After generating the whisper_encoder_int8.tflite model, I used the following command to convert it to .nb format:

./stedgeai generate --target stm32mp2 --model whisper_encoder_int8.tflite --input-data-type float32 --output-data-type float32

However, I encountered the following error:

E 23:02:43 Operands could not be broadcast together with shapes [147456, 1500, 384] [86973087744, 1500, 384] INTERNAL ERROR: ('Operands could not be broadcast together with shapes [147456, 1500, 384] [86973087744, 1500, 384]', None)

I am unsure what is causing this error. Could it be an issue with how I generated the .tflite model, maybe because the encoder has 4 layers?

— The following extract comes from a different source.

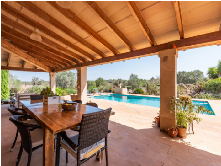
Überdachte Terrasse mit Essbereich

Or is there a limitation with the ST Edge AI tool regarding tensor shapes or dimensions?

I would appreciate any insights or guidance on resolving this issue.

Thank you!

Julian E. · ‎2025-03-04

Hello @Justin_wu ,

At first glance, the issue could be related to shape mismatches or dynamic shapes that are not interpretable.

It could be due to post-processing layers being removed by ST Edge AI, leading to errors, or certain layers not being supported on this model.

Additionally, it seems that the model quantization is done per-channel rather than per-tensor, which can significantly impact performance by running the model on the GPU instead of the NPU.

I will try to replicate to find where it comes from and update you.

Have a good day,

Julian

In order to give better visibility on the answered topics, please click on 'Accept as Solution' on the reply which solved your issue or answered your question.

Justin_wu · ‎2025-03-05

Hi @Julian E. ,

Thank you very much for your assistance. I truly appreciate your support. I have a quick question regarding the quantization process: Could you please clarify how you determine that the quantization is performed on a per-channel basis? My understanding is that if I set converter._experimental_disable_per_channel = True, the converter will perform per-tensor quantization. Is that correct?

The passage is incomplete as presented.